What you need to do: Restate all of the entries exactly. Any picture in them should be skipped.

Provided records:

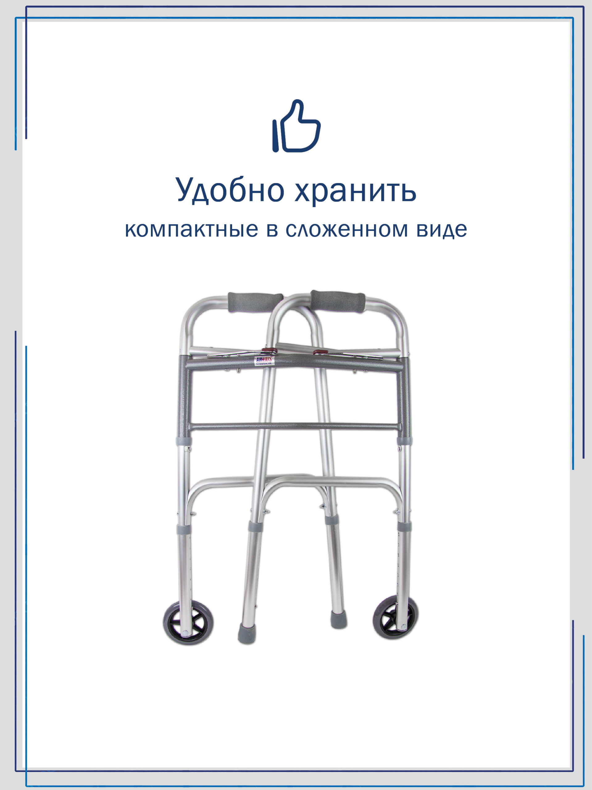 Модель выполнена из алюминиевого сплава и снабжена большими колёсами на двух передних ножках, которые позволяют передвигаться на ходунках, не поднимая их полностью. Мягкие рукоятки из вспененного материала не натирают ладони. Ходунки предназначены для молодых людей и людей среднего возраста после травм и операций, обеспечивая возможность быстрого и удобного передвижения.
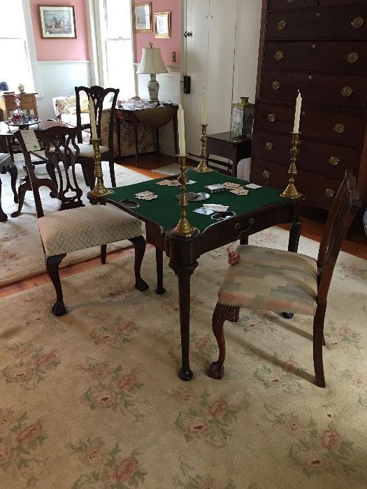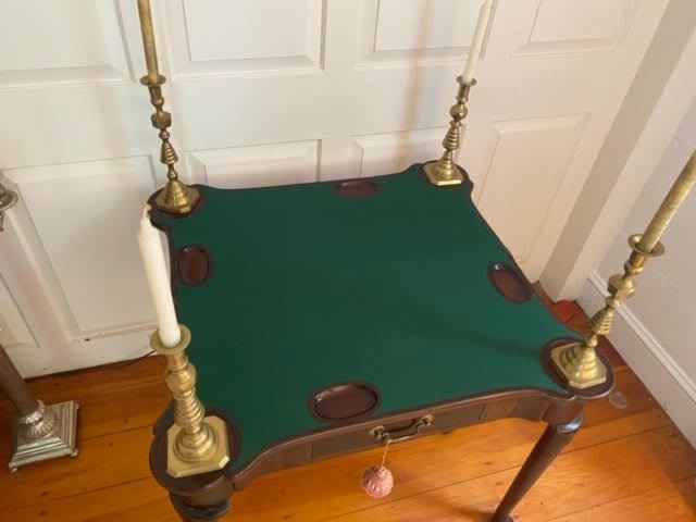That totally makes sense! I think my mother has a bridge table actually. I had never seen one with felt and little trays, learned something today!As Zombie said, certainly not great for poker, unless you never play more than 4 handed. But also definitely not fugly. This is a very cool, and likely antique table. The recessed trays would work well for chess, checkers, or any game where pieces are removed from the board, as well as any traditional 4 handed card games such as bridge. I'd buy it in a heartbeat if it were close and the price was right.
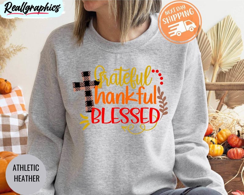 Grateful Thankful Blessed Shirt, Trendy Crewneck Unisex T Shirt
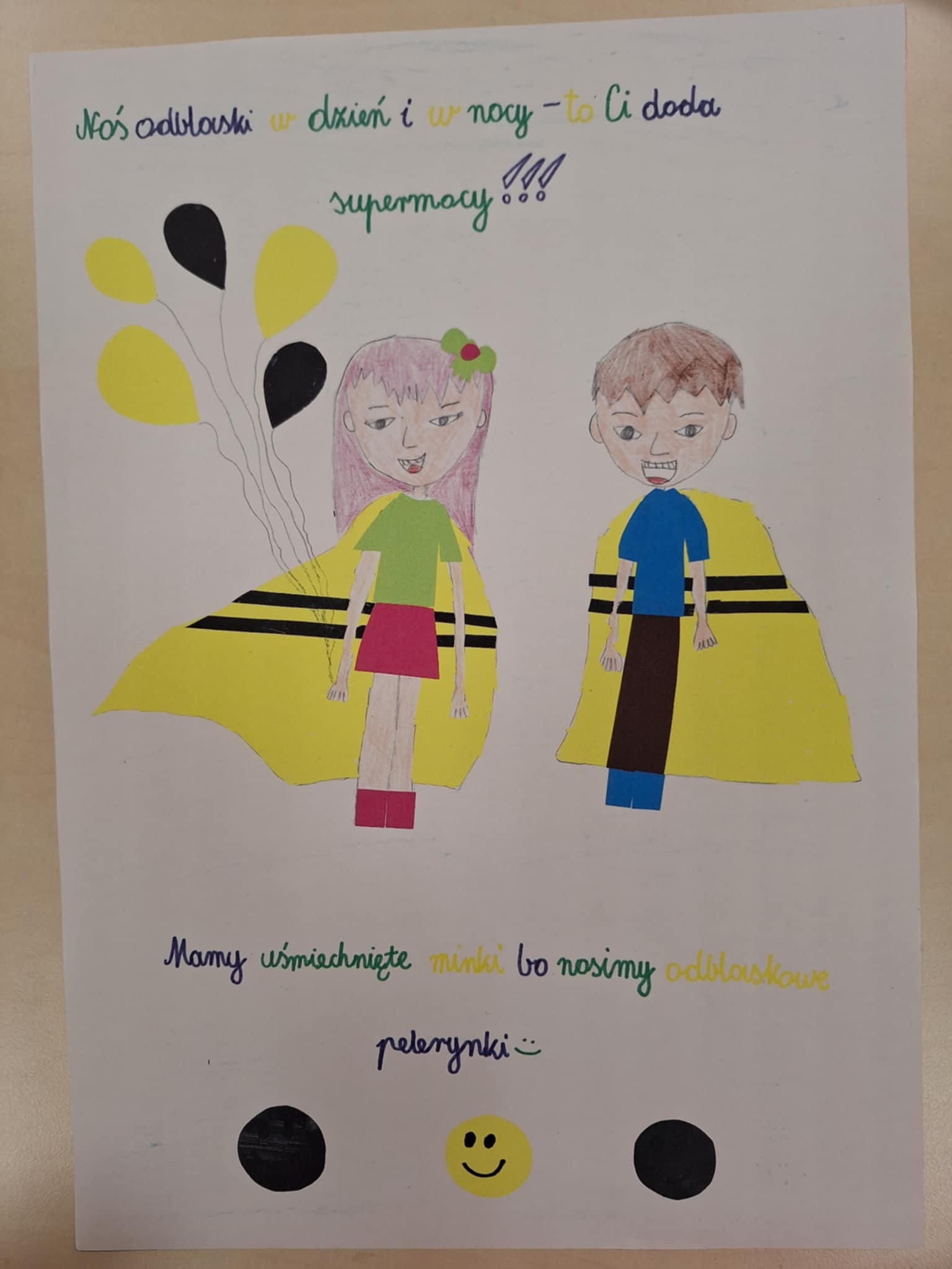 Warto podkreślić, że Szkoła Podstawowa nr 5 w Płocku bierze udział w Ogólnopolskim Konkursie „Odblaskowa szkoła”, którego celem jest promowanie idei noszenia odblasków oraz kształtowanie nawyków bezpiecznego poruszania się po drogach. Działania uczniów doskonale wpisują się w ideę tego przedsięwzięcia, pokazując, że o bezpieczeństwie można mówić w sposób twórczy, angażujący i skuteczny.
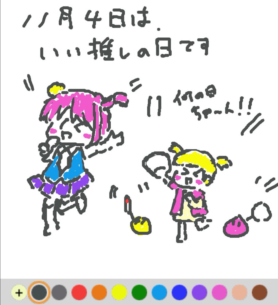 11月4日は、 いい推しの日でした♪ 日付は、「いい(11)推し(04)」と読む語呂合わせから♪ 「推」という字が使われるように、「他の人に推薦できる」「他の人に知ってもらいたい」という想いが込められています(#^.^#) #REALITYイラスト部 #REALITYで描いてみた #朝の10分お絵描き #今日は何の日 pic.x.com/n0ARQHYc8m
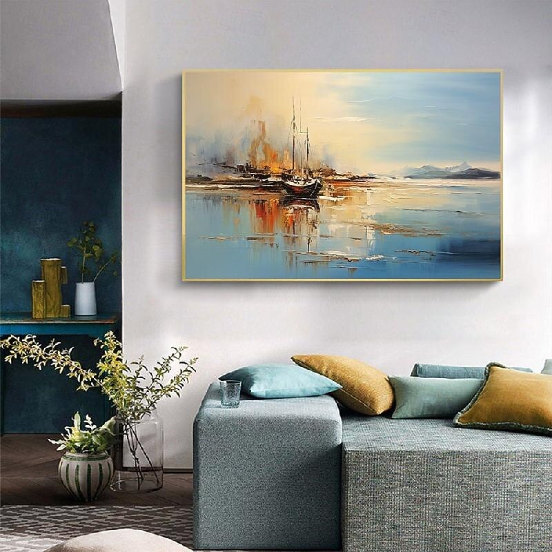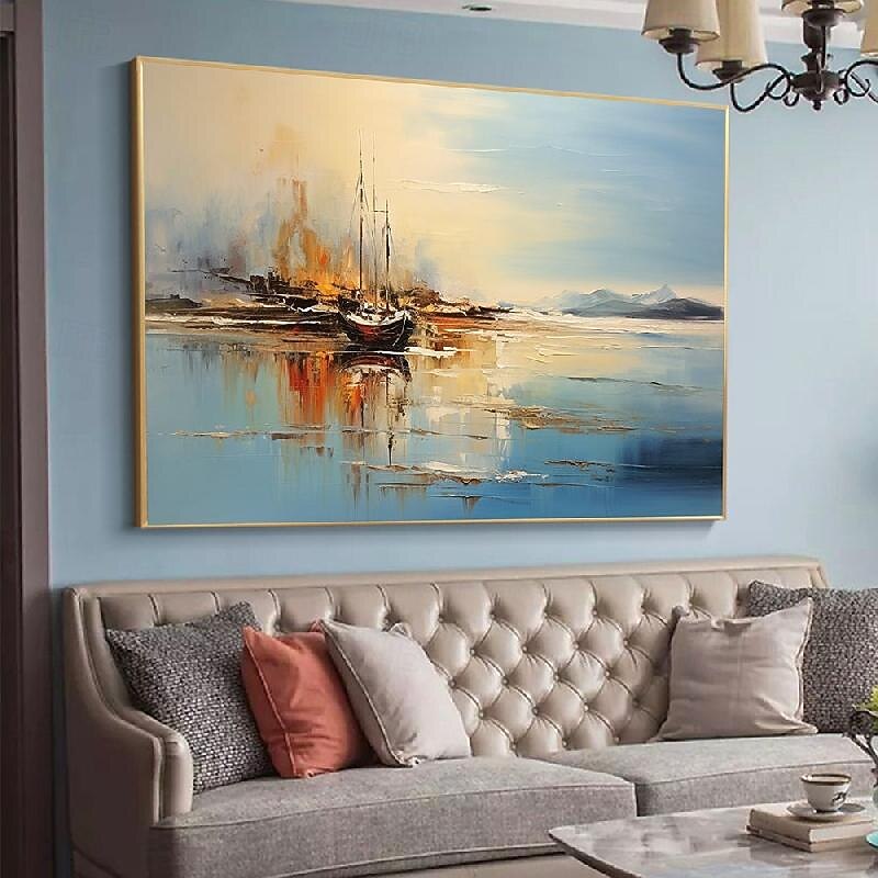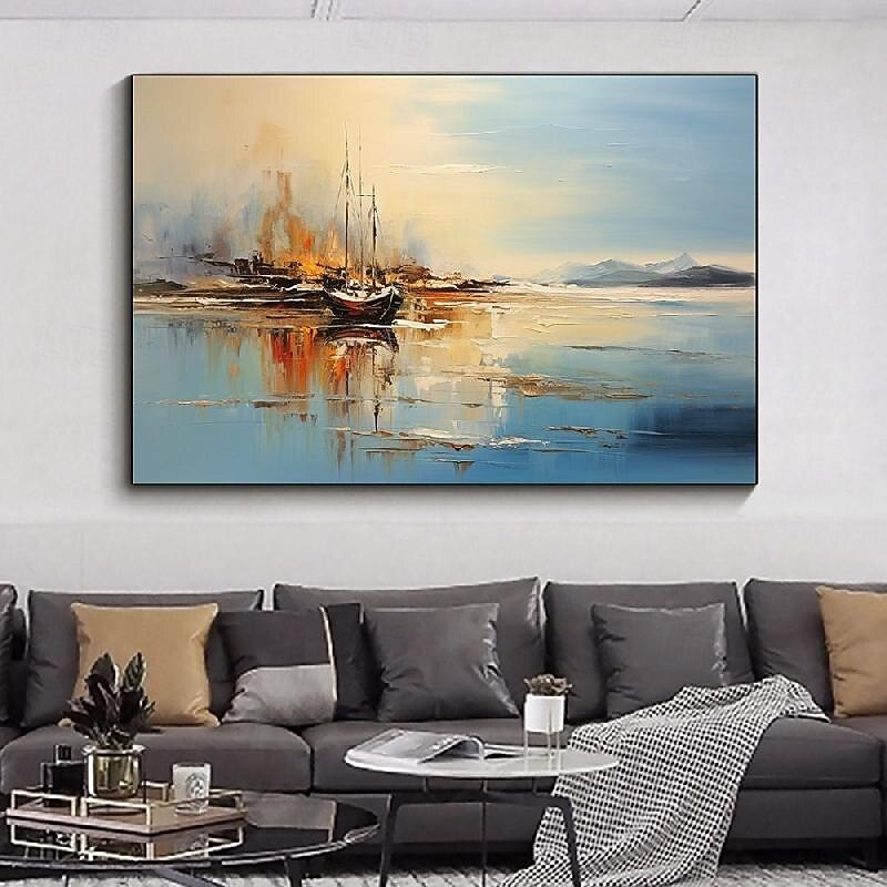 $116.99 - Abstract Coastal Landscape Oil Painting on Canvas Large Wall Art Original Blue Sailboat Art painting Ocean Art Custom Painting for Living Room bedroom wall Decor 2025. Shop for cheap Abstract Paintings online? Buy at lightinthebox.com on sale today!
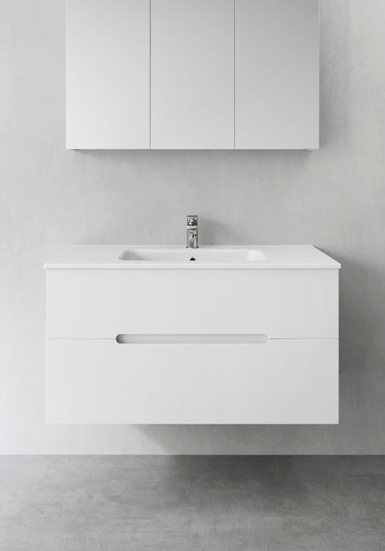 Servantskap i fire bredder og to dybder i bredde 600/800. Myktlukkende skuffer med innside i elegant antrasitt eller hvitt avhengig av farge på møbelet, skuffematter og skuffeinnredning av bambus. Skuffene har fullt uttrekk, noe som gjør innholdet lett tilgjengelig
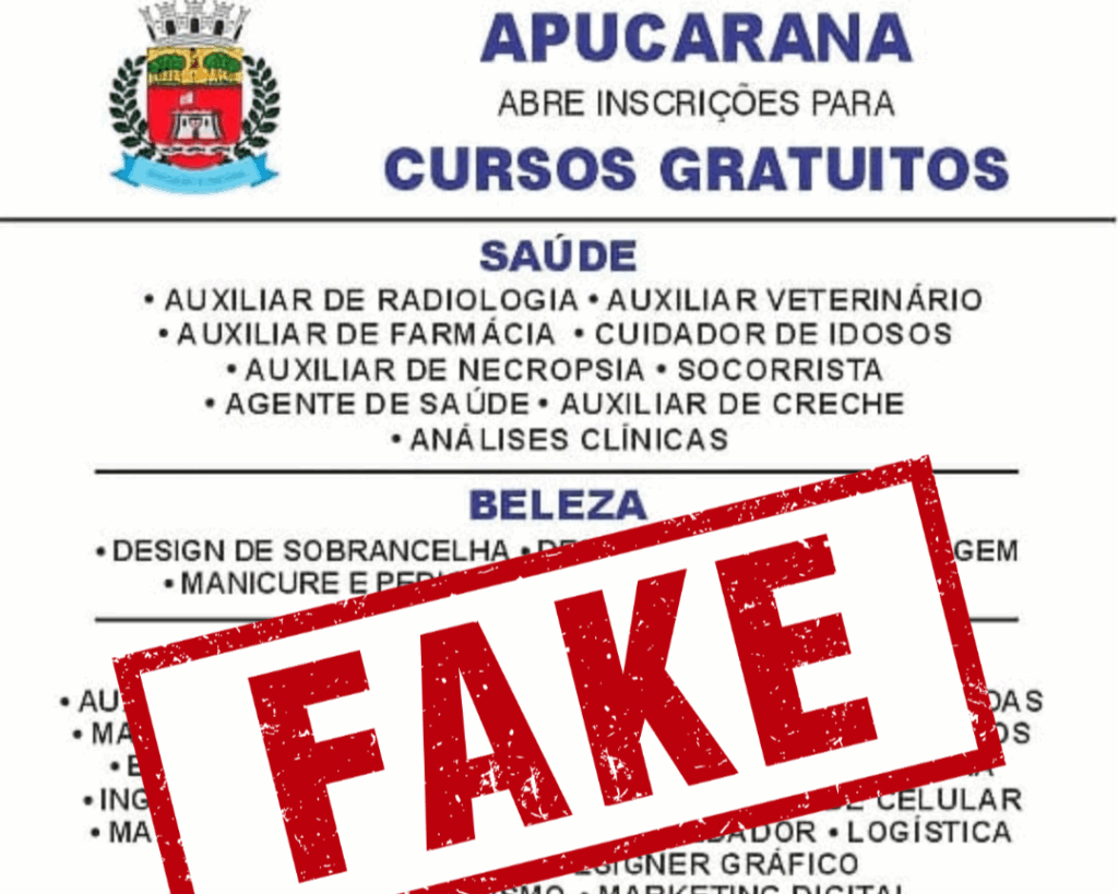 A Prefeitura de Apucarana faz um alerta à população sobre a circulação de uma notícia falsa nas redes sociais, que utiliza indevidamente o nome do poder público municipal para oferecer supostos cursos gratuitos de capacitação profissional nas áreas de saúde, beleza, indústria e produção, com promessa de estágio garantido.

Written response:
 Модель выполнена из алюминиевого сплава и снабжена большими колёсами на двух передних ножках, которые позволяют передвигаться на ходунках, не поднимая их полностью. Мягкие рукоятки из вспененного материала не натирают ладони. Ходунки предназначены для молодых людей и людей среднего возраста после травм и операций, обеспечивая возможность быстрого и удобного передвижения.
That totally makes sense! I think my mother has a bridge table actually. I had never seen one with felt and little trays, learned something today!As Zombie said, certainly not great for poker, unless you never play more than 4 handed. But also definitely not fugly. This is a very cool, and likely antique table. The recessed trays would work well for chess, checkers, or any game where pieces are removed from the board, as well as any traditional 4 handed card games such as bridge. I'd buy it in a heartbeat if it were close and the price was right.
 Grateful Thankful Blessed Shirt, Trendy Crewneck Unisex T Shirt
 Warto podkreślić, że Szkoła Podstawowa nr 5 w Płocku bierze udział w Ogólnopolskim Konkursie „Odblaskowa szkoła”, którego celem jest promowanie idei noszenia odblasków oraz kształtowanie nawyków bezpiecznego poruszania się po drogach. Działania uczniów doskonale wpisują się w ideę tego przedsięwzięcia, pokazując, że o bezpieczeństwie można mówić w sposób twórczy, angażujący i skuteczny.
 11月4日は、 いい推しの日でした♪ 日付は、「いい(11)推し(04)」と読む語呂合わせから♪ 「推」という字が使われるように、「他の人に推薦できる」「他の人に知ってもらいたい」という想いが込められています(#^.^#) #REALITYイラスト部 #REALITYで描いてみた #朝の10分お絵描き #今日は何の日 pic.x.com/n0ARQHYc8m
 $116.99 - Abstract Coastal Landscape Oil Painting on Canvas Large Wall Art Original Blue Sailboat Art painting Ocean Art Custom Painting for Living Room bedroom wall Decor 2025. Shop for cheap Abstract Paintings online? Buy at lightinthebox.com on sale today!
 Servantskap i fire bredder og to dybder i bredde 600/800. Myktlukkende skuffer med innside i elegant antrasitt eller hvitt avhengig av farge på møbelet, skuffematter og skuffeinnredning av bambus. Skuffene har fullt uttrekk, noe som gjør innholdet lett tilgjengelig
 A Prefeitura de Apucarana faz um alerta à população sobre a circulação de uma notícia falsa nas redes sociais, que utiliza indevidamente o nome do poder público municipal para oferecer supostos cursos gratuitos de capacitação profissional nas áreas de saúde, beleza, indústria e produção, com promessa de estágio garantido.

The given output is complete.